[Entries taken from a collection]

▬▬▬▬▬▬▬▬▬▬

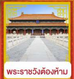
พระราชวังต้องห้าม
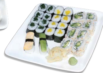
107 Tokio Vego
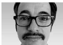
Antoine Lukac Bereich Personenfreizügigkeit und Arbeitsbeziehungen, Staatssekretariat für Wirtschaft SECO, Bern

Das Freizügigkeitsabkommen mit den EU/Efta-Staaten (FZA) erleichtert den Schweizer Unternehmen die Rekrutierung und Einstellung ausländischer Arbeitskräfte. Damit erweitern sich die Wachstumsmöglichkeiten der Unternehmen, welche in früheren Aufschwungphasen oft relativ rasch durch einen Fachkräftemangel eingeschränkt waren. Der Schweizer Arbeitsmarkt erwies sich in den letzten elf Jahren als aufnahmefähig, und negative Auswirkungen auf die ansässige Bevölkerung blieben relativ eng begrenzt. In den letzten beiden Jahren nahm die Zuwanderung aus Deutschland ab und jene aus Süd- und Osteuropa zu. Die berufliche Zusammensetzung der Zuwanderung blieb bislang jedoch relativ stabil. 1
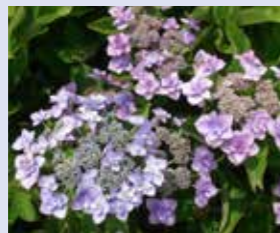
じょうがさき 城ヶ崎 Hydrangea macrophylla 'Jogasaki' 額型
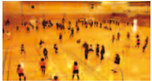
小学生によるソフトバレーボールの試合（西部地区体育館）

本市では、全国平均に達していない種目を重点にした体育授業の充実や運動会や体育祭の見直しなど、体力向上に継続的に取り組んでいる。今後は、学校での取り組みに加え、地域と連携した学校施設等の積極的な活用についても検討していきたい。
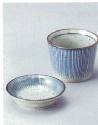
38825-559 ダミラインそば猪口 750円 80入 (8.2×6cm・170cc)
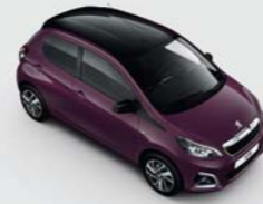
Bi-ton : Red Purple / Black Diamond

La PEUGEOT 108 se décline en huit teintes et la peinture bi-ton avec le toit Black Diamond* est disponible en sept versions sur la 108 berline 3 et 5 portes.
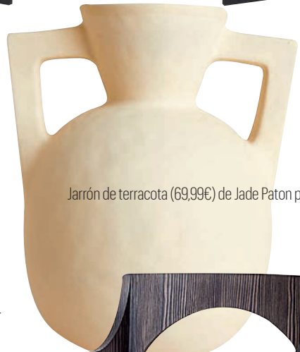
Jarrón de terracota (69,99€) de Jade Paton para Zara Home .
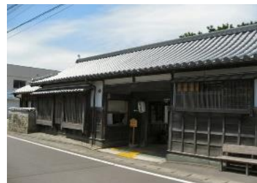
阿波十郎兵衛屋敷
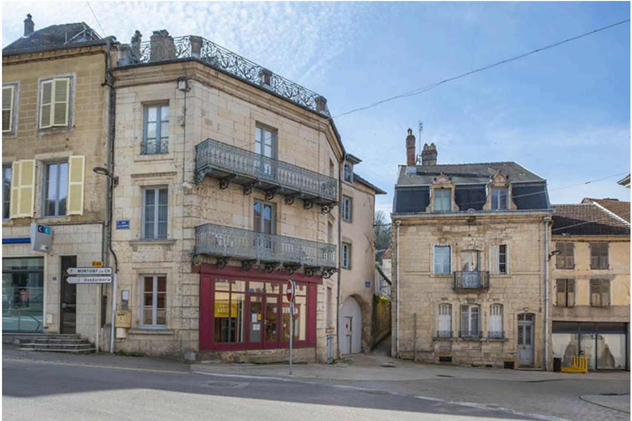
Intersection des rues Bontemps et Gambetta.
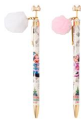
ボールペンセット 1,500円 (東京ディズニーシー)
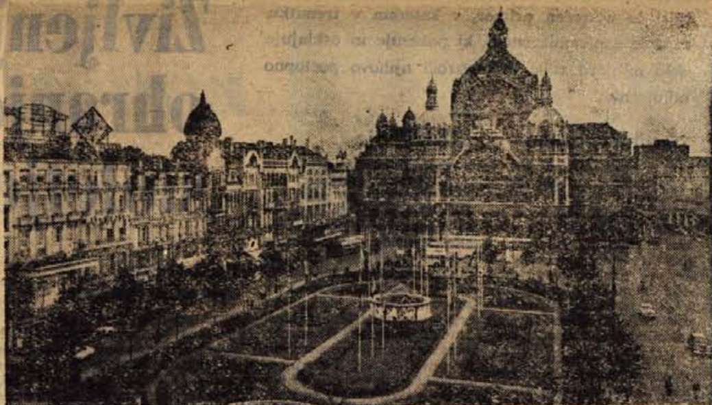
Antwerpen je slikovito mesto in največje belgijsko pristanišče. Na sliki vidimo trg pred železniško postajo in poslopje postaje. Pred postajo je kraljevi park

V Antwerpnu smo si ogledali tudi kraljevi muzej lepih umetnosti. Ta ustanova privablja številne obiskovavce, saj ima bogato zbirko 1000 slik starih mojstrov in okoli 1500 slik modernih avtorjev od 19. stoletja dalje. Najštevilnejše so tu predstavljeni mojstri stare flamske generacije 15., 16. in 17. stoletja. Med mnogimi dragocenimi platni so tu tudi številna dela P. P. Rubensa. Mnogo časa porabi človek, da si ogleda vse to, toda še zdaleč ni videl vsega, kajti tu so še številni muzeji kot na primer muzej arheologije in zgodovine, muzej pomorstva, muzej folklorne, muzej Smidt van Gelder z dragocenim porcelanom, muzej Mayer van der Bergh, ki mu pravijo tudi biser muzejev v Antwerpnu. Tu so najlepša dela flamske slikarske šole, med katerimi so dragocena platna Pietra Brueghel starejšega in nazadnje še Rubensova hiša, stara patricijska rezidenca, zgrajena leta 1610, leta 1946 pa so jo popolnoma restavrirali in preuredili v muzej, ki je v Antwerpnu najbolj obiskan. V prostornih sobah visijo platna primitivnih flamskih slikarjev, Rubensovih predhodnikov pa tudi sodobnikov. Opremljeno je s pohištvom, ki so ga darovali »člani kluba ljubiteljev Rubensove hiše«, sem ter tja so postavljene po mizah dragocene vaze, omarice, ure itd., vse prav tako darilo »članov kluba.« Vsaka teh sob ima kamin in tlakovano pod. Po daljšem sprehodu po sobah prideš po stopnicah do balkona, kjer lahko kakih osem metrov pod seboj vidiš nekdanji Rubensov atelje. Če vržeš okoli 150 dinarjev v
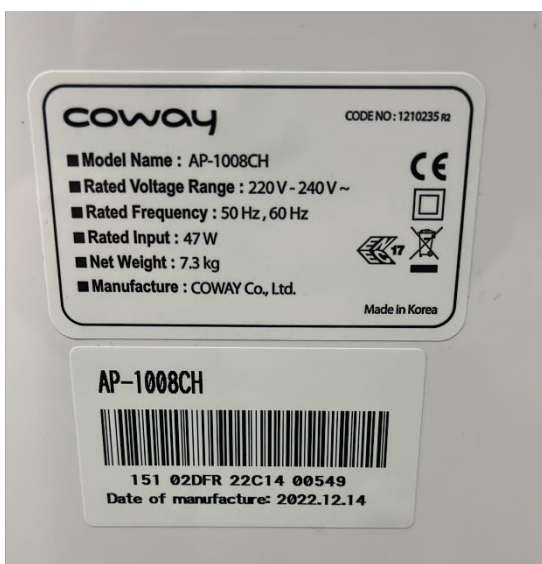
Figur 3. Märkning
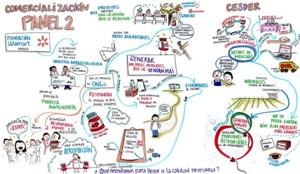
Figura 3 Conclusiones Foro de Intercambio de Experiencias OSC y GDB
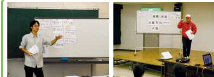
阪神大震災や台風による土砂災害など、災害時のまちの様子をスライドで紹介。さらに語り部のお話を聞いて、防災まちあるきに向けての意識を高めたあと、活動の「ねらい」「スケジュール」「心がまえ」等について説明し、活動の流れについての理解を図ります。
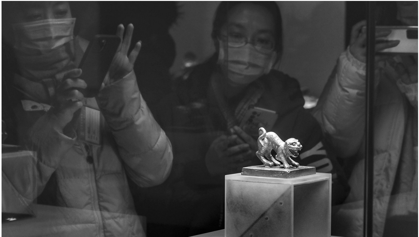
虎钮永昌大元帅金印。

大西政权建立后，与明朝地方武装发生多次战斗。1646年，张献忠迫于清军和南明军队的夹击，率军乘坐满载金银的数千艘木船，从成都沿府河（又称锦江）南下撤离，与明将杨展在彭山县
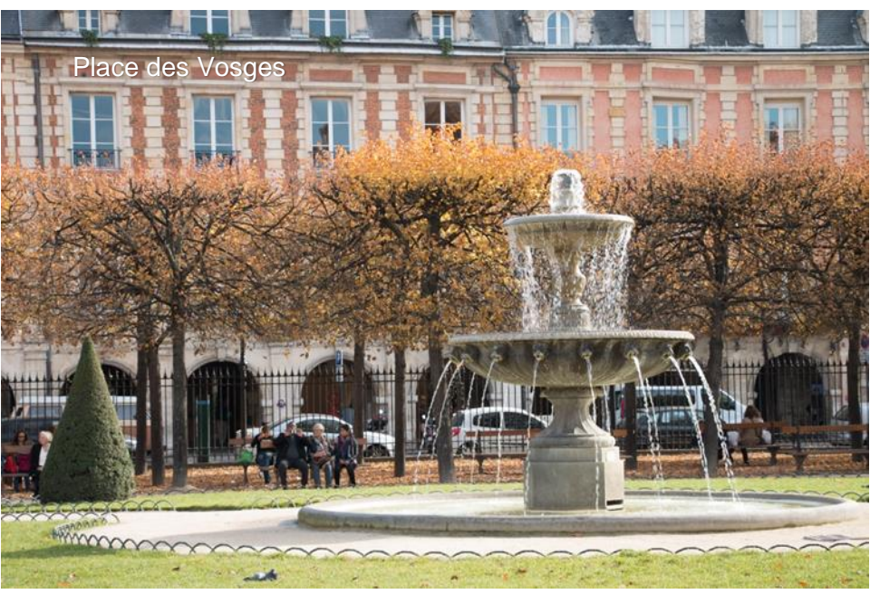
Place des Vosges

Depuis la place de la Bastille, prenez le boulevard Beaumarchais jusqu'à la rue du Pas de la Mule. Tournez à gauche et suivez-la jusqu'à la Place des Vosges . Flânez à travers le square Louis XIII , admirez la statue au centre et passez devant la maison de Victor Hugo , aujourd'hui un musée gratuit exploité par la Ville de Paris.
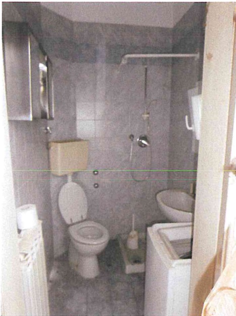
Foto 19 - Corpo A - interno - bagno
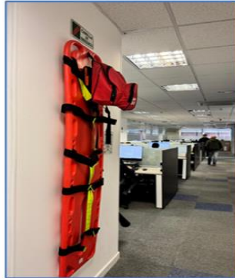
La camilla ubicada en el 3er piso.

▬▬▬▬▬▬▬▬▬▬

- **Task item**
From the records above, copy exactly the lines starting at the one with "じょうがさき 城ヶ崎 Hydrangea" and ending at the one with "Antwerpen je slikovito", and no others. Pictures stay out.

- **Problem solution**
じょうがさき 城ヶ崎 Hydrangea macrophylla 'Jogasaki' 額型
小学生によるソフトバレーボールの試合（西部地区体育館）

本市では、全国平均に達していない種目を重点にした体育授業の充実や運動会や体育祭の見直しなど、体力向上に継続的に取り組んでいる。今後は、学校での取り組みに加え、地域と連携した学校施設等の積極的な活用についても検討していきたい。
38825-559 ダミラインそば猪口 750円 80入 (8.2×6cm・170cc)
Bi-ton : Red Purple / Black Diamond

La PEUGEOT 108 se décline en huit teintes et la peinture bi-ton avec le toit Black Diamond* est disponible en sept versions sur la 108 berline 3 et 5 portes.
Jarrón de terracota (69,99€) de Jade Paton para Zara Home .
阿波十郎兵衛屋敷
Intersection des rues Bontemps et Gambetta.
ボールペンセット 1,500円 (東京ディズニーシー)
Antwerpen je slikovito mesto in največje belgijsko pristanišče. Na sliki vidimo trg pred železniško postajo in poslopje postaje. Pred postajo je kraljevi park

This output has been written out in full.